To many, his name is not important. The important thing about Cee Lo Green is his production of “F*ck You,” the single that swept college campuses and other repositories for dirty language earlier this fall. Besides killing radio for me forever (“Forget you?” For real?), the single also generated some substantial interest in the upcoming album offering by Green. The album, which was moved up to Nov. 9 to take advantage of this early spurt of publicity, is called “The Lady Killer.” For me, the flippancy, the fun and the sheer dance-ability of “F*ck You” were enough to justify picking up a copy of “The Lady Killer.” In the following paragraphs, I hope to give you an idea of what I found within.

Many of you are no doubt asking: What does Cee Lo do in this album? I answer: he does what he wants. From the hilariously bad-ass introduction to the expansive rhythms of “Bright Lights Bigger City” to the angry and abrupt “Love Gun” to the upbeat “It’s OK,” Green delivers a diverse album full of a sound that takes the retro feeling of his single to a new level. The use of back-up singers in most of the songs makes the whole album seem to take you back to a kinder, simpler time when someone could walk down the street singing and people would jump out and sing along. This is what I assume the past was like.

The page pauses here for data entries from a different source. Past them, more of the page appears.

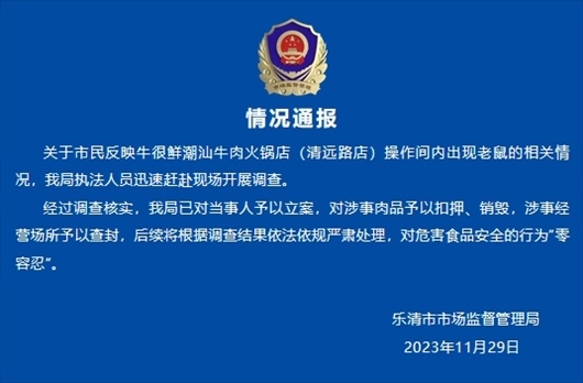 ·溫州樂清官方通報(bào)火鍋店現(xiàn)老鼠啃牛排:已對(duì)當(dāng)事人予以立案,對(duì)涉事肉品予以扣押、銷毀,涉事經(jīng)營(yíng)場(chǎng)所予以查封。
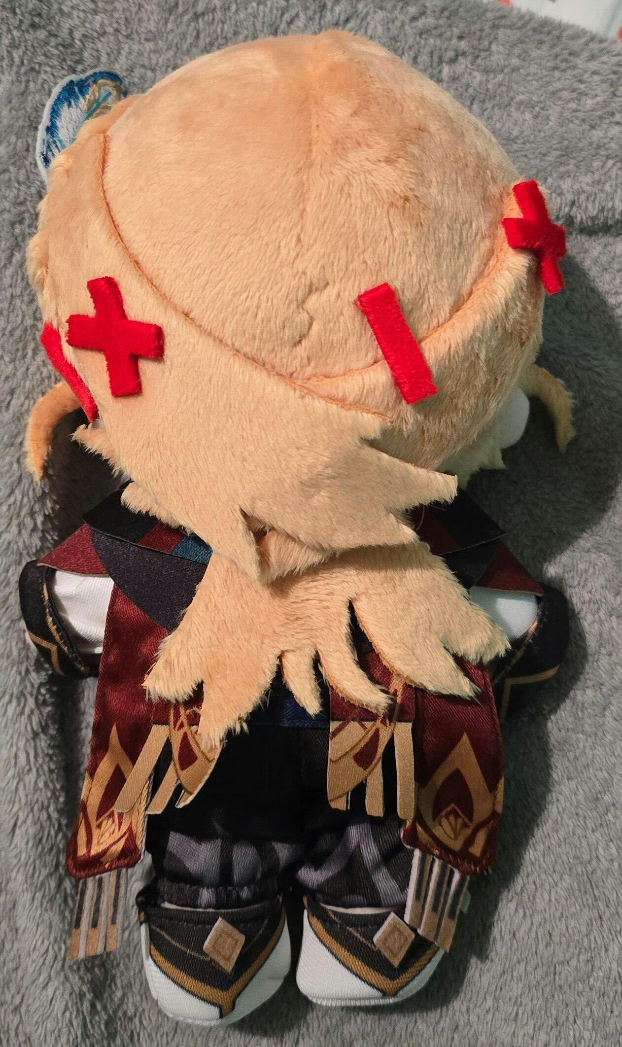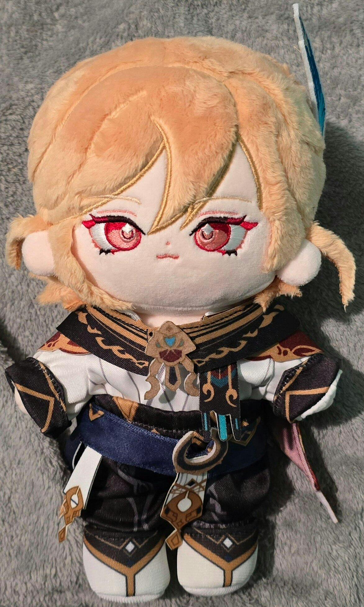I have been waiting for this Kaveh plush to come for a few months and he finally arrived safely! He was a preorder so I knew it would take a while and the customer service agent(s?) were very kind and prompt to respond to any questions I had on the way. Tbh he's not perfect, he did have glue strands coming from every part that's glued down like his hair accessories for example, and his nips are stitched too low lol but with clothes, it's not noticeable, he's very cute in the face as always plushwonderland does their faces beautifully and he looks good next to Alhaitham so honestly I'm really happy! I wish he still came with a badge but I guess I missed out on that qwq if his face is long like mine was, just squish his head to fix it, because that's what I did and he looks better imo
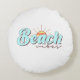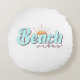 Featuring the words "Beach vibes" in sky blue bubble letters with a dark brown outline or shadow, this pillow poof captures the fun and laid-back spirit of the beach. The word "vibes" is written in lowercase dark brown cursive, adding a touch of sophistication to the design.
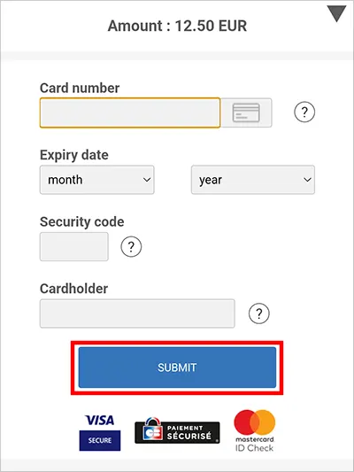 8 해외 결제가 가능한 신용카드의 카드 정보를 입력한 후 [Submit] 버튼을 클릭하여 결제를 진행합니다.
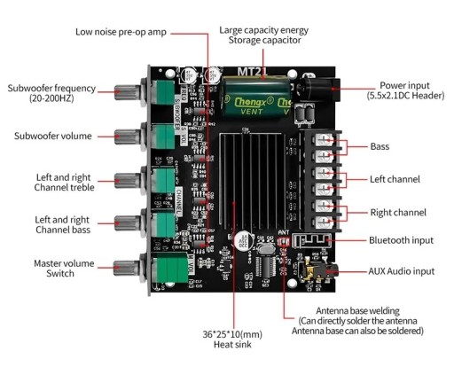 Усилитель BT 2x 50 Вт + 100 Вт Сабвуфер Регулировка звука
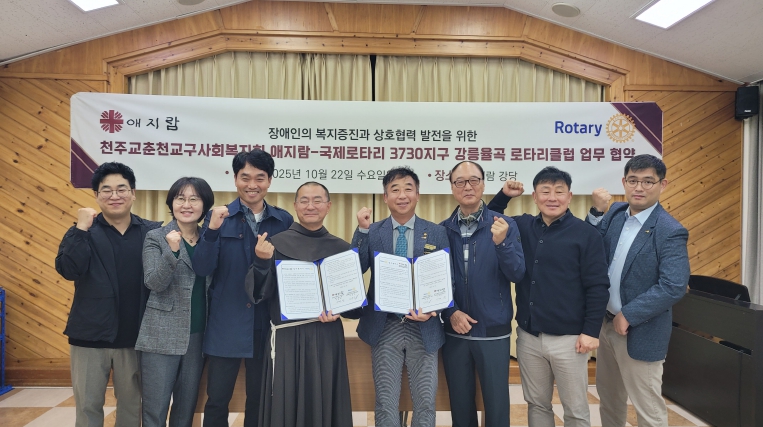 [뉴스다컴] ‘강릉장애인자립통합지원센터’와 ‘국제로타리 3730지구 강릉율곡 로타리클럽’(회장 이용기)은 지난 22일(수) 장애인의 복지증진을 위한 다양한 활동을 협조하고 건강한 사회를 조성하고자 업무협약(MOU)을 체결했다.

This album has soul and ,judging from the content, it’s a soul in serious danger of eternal damnation. “Bodies,” for example, is the second track I’ve heard from Cee Lo to reference necrophilia (the first being “Necromancer” by Gnarls Barkley). I love the man’s music but I probably would not let him near my loved ones. Green’s spontaneity spices up the album, and he indulges himself—and us—quite a bit. With collaborations with Lauren Bennett and Phillip Bailey and a whole host of musicians to back him up in his endeavors, Cee Lo really makes the album an extension of the persona of “The Lady Killer,” which he has created for himself.

Despite this creativity, Green does not appear to consider himself above the rules in making his music. I certainly wouldn’t characterize the album as lawless. The tracks flow together nicely, with a good distribution of the most fun songs to dance to (in my opinion, you’ll find those on tracks two, three, seven and eleven) and the vast majority of the album’s songs can be at least grooved to (to groove to a song is here defined at minimum as rhythmic head and neck movement). For those songs that are less upbeat, they have enough going on that you don’t find yourself waiting for them to end, which is what I look for most in a song. At 14 tracks, the album is too long before you want it to be, and I find myself immediately starting it back at the beginning. What else would I listen to?

I was a fan of Green’s when he was part of Gnarls Barkley and I like this solo venture as well. Cee Lo Green creates an album which is at turns optimistic, soulful, creepy and absurdly fun. When it comes to me (and, no doubt, to the ladies), he has a license to kill.